I'll try and get more pics tonight of the fork travel. The video I posted earlier works for me, it's just upside down.
Looks like the clutch fork is moving enough. What is that line that rubs against it? I still say it's a defective pressure plate. Mine went from working perfectly to no clutch operation. I converted your avi file to a mov file.
I put the front wheels on ramps and jack stands on the rear to have enough height to pull the transmission. I was 26 and had no problems removing and installing the transmission, now at 71 even the starter is getting a bit heavy for me.
Your clutch pedal released:
Your clutch pedal pushed in:
Last edited by 71 Green 454; Jun 8, 2022 at 10:00 AM.
and thanks for video,.,.
OP i would still triple check the bar for tightness (the nut into housing side especially) mine came loose 3 x and will reduce the clutch throw.
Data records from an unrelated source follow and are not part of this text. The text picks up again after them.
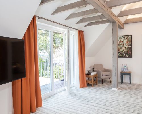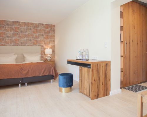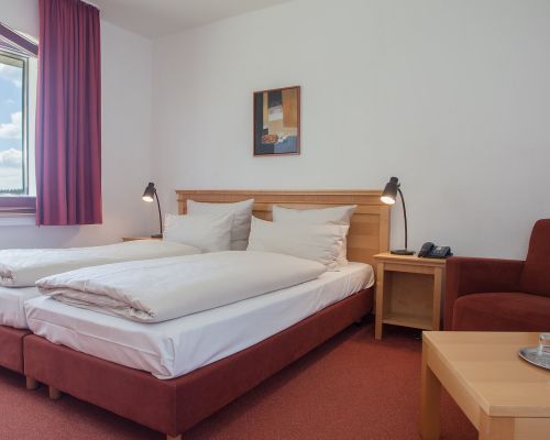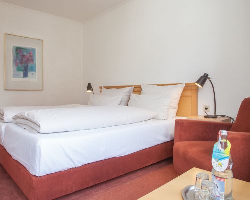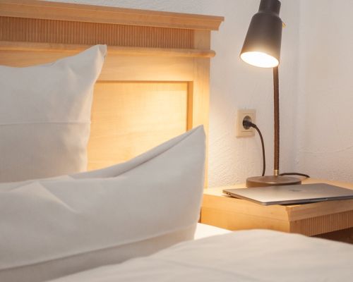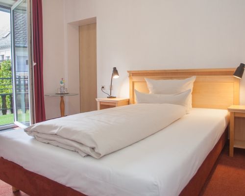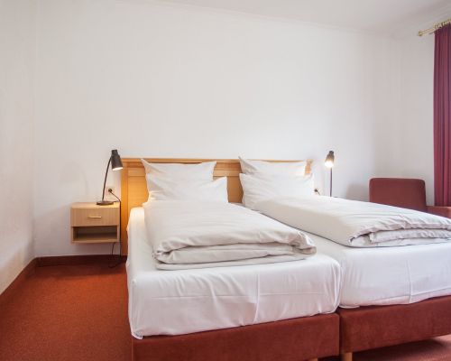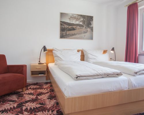 Comfortabel, rustig en met uitzicht op de bergen – onze tweepersoonskamers met balkon nodigen uit om te ontspannen. Bij aankomst staat er een fles mineraalwater voor u klaar.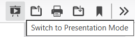 On a larger display, such as a desktop, the toolbar displays some buttons, and the first is “Presentation Mode”. When you hover your mouse over it, a tooltip displays, “Switch to Presentation Mode”. Click the button for a full screen display.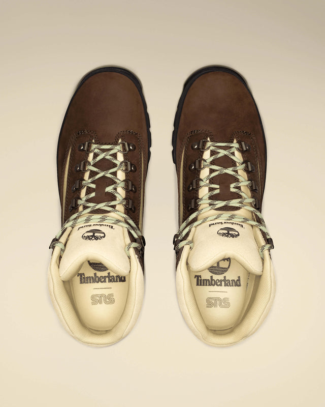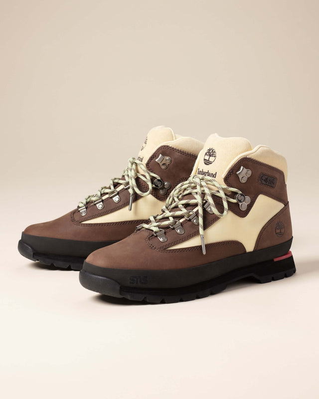 Crafted with nylon ripstop and suede materials, the SNS x Timberland Euro Hiker brings Meatballs and Mash to life through rich cream and brown tones across the upper, while the green rope laces and red heel tab reference lingonberries and pressed cucumber, adding an extra pop of color to the Swedish-inspired dish. Finishing touches include a custom hang tag, co-branded logos on the tongue label, ankle collar, lateral sidewall, and insole atop a grippy rubber outsole.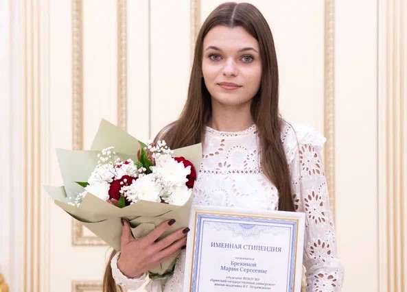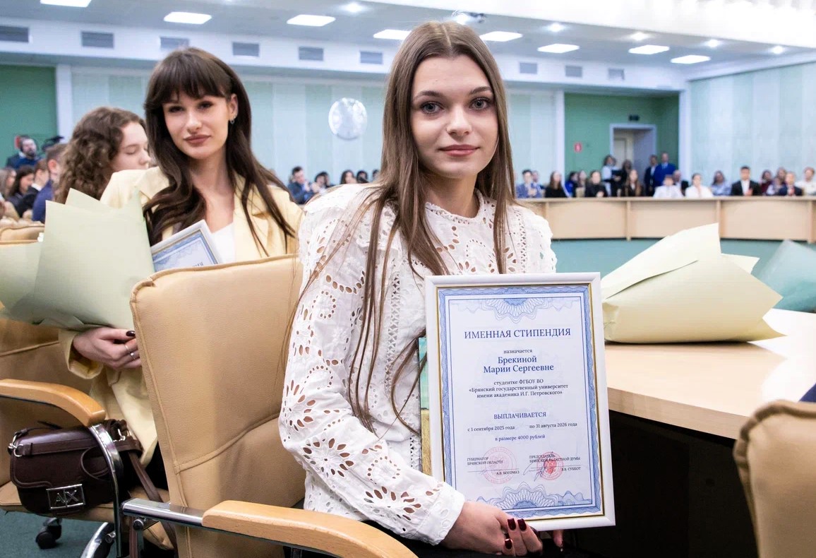 Свидетельство о назначении именной стипендии Правительства Брянской области и Брянской областной Думы М. Брекиной вручил лично Губернатор А.В. Богомаз. Эта высокая награда — результат рассмотрения Ученого совета университета и решения специальной Комиссии, которая по достоинству оценила академические успехи, научную и общественную активность нашей студентки.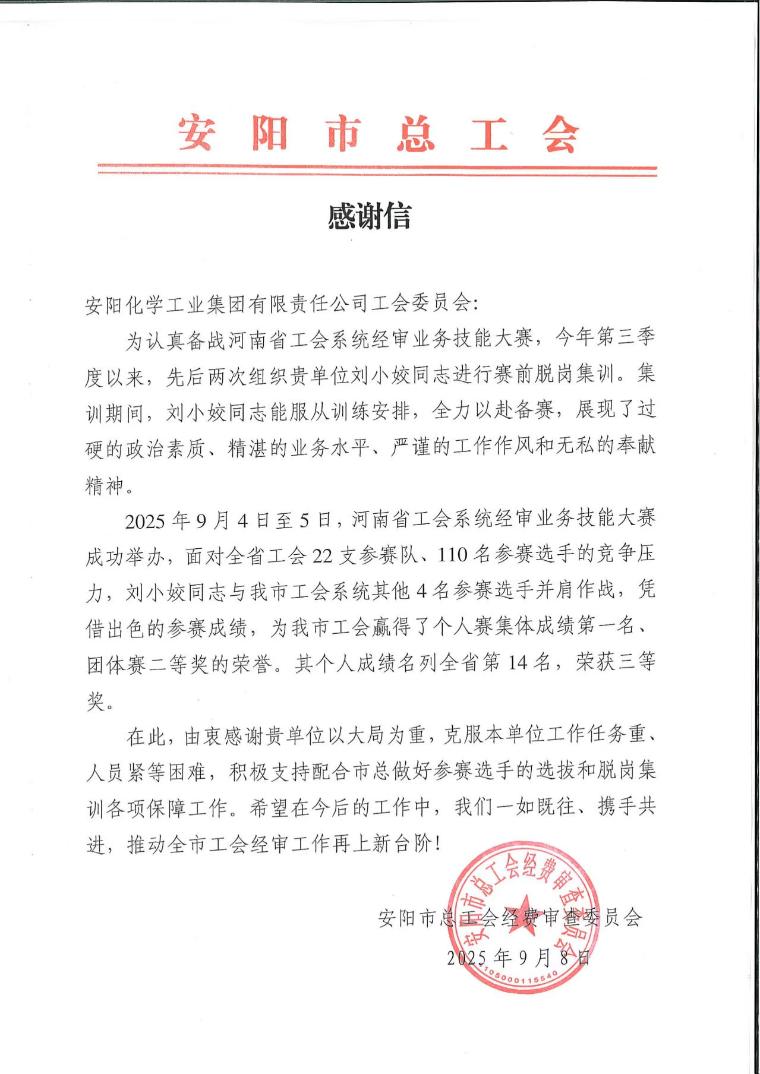 近日,安化集团工会收到安阳市总工会发来的感谢信。信中特别提及,安化职工刘小姣在河南省工会系统经审业务技能大赛中表现突出、斩获佳绩,为全市工会工作赢得了荣誉。
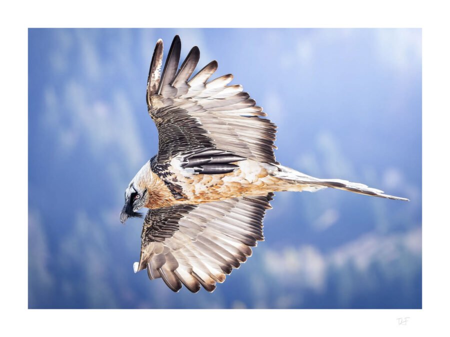 L’immense gypaète barbu survole la vallée à une vingtaine de mètres du sommet où je me trouve. Il est si proche que j’arrive à voir la fameuse « barbe », et c’est d’ailleurs dans ces moments là que cet oiseau de presque 3 mètres impressionne le plus.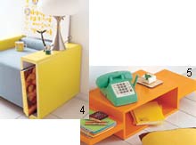 4 這是一個(gè)非常有酷感的沙發(fā),檸檬黃與灰色搭配出洗練透亮的感覺。當(dāng)然這款造型奇特的臺(tái)燈也功不可沒,沙發(fā)扶手還兼有茶幾和儲(chǔ)物的功能。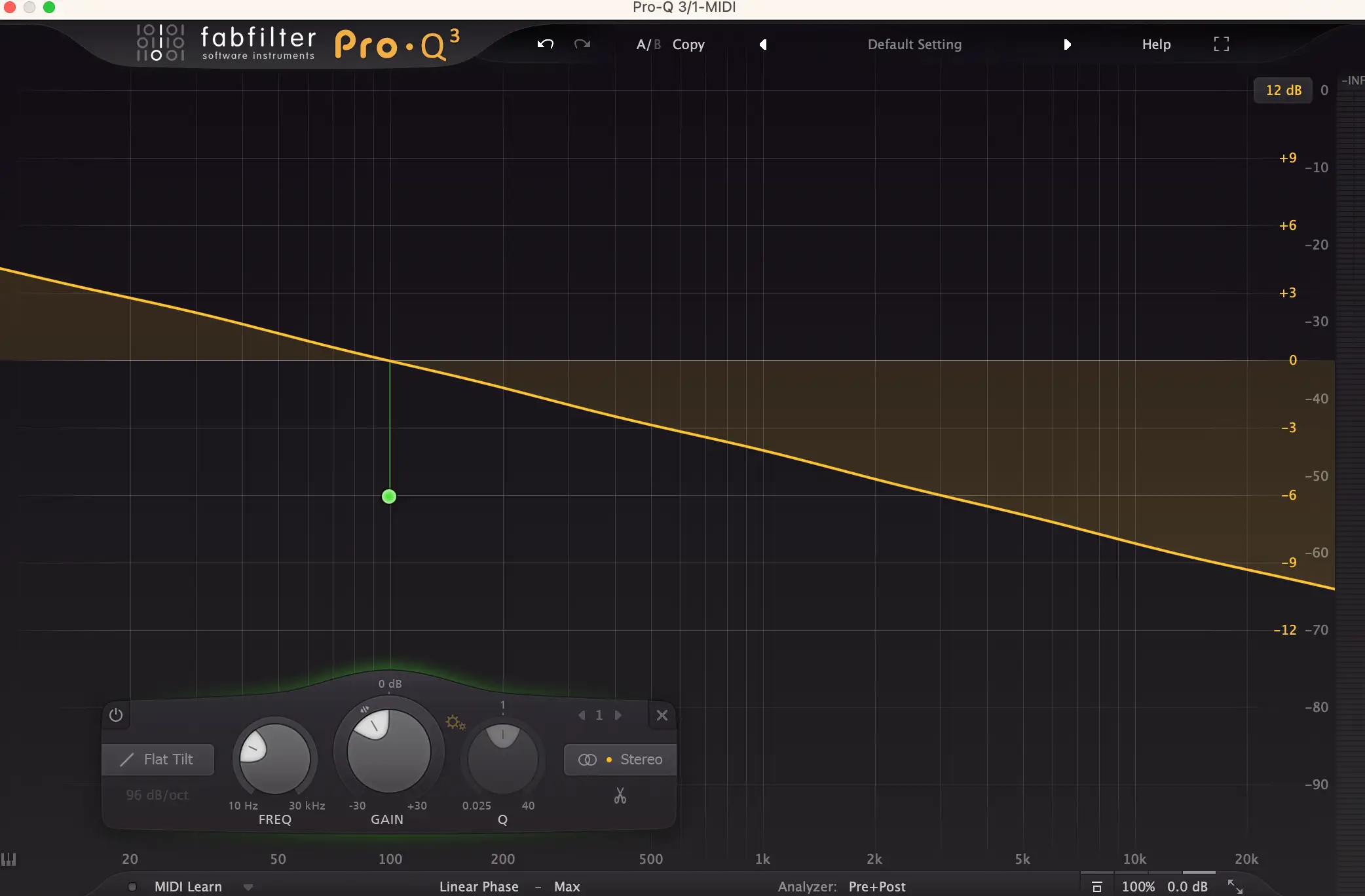 Pokud se podíváme na obrázek výše, který obsahuje sklon 96 dB/oktávu (nejstrmější sklon, který je u FabFilteru Pro-Q 3 k dispozici), máme stále sklon. Nejedná se o přímý pokles.

Also curious of what rubbing???
also what is the freeplay for the clutch pedal?
and do you feel the same pedal pressure or is there very little pressure now? i couldn't see the orig video. it does look like enough fork travel. i have seen worn disks spread when one steps on the clutch as the rivets are letting go, but that would cause a drag, but not flat-out no disengage at all. and if that is the case, the clutch still has to come out. 80's are no longer welded crossmembers, i believe? there is a bit of a break.
You have dozens of pairs of eyes looking at this. While there is a 90% chance the transmission has to come out, it would be a bummer to miss something obvious from a photo you didn't post.
Especially if the Z-bar has failed.
Looks like a brake line rubbing? That shouldn't happen, and nothing inside the bellhousing would cause that.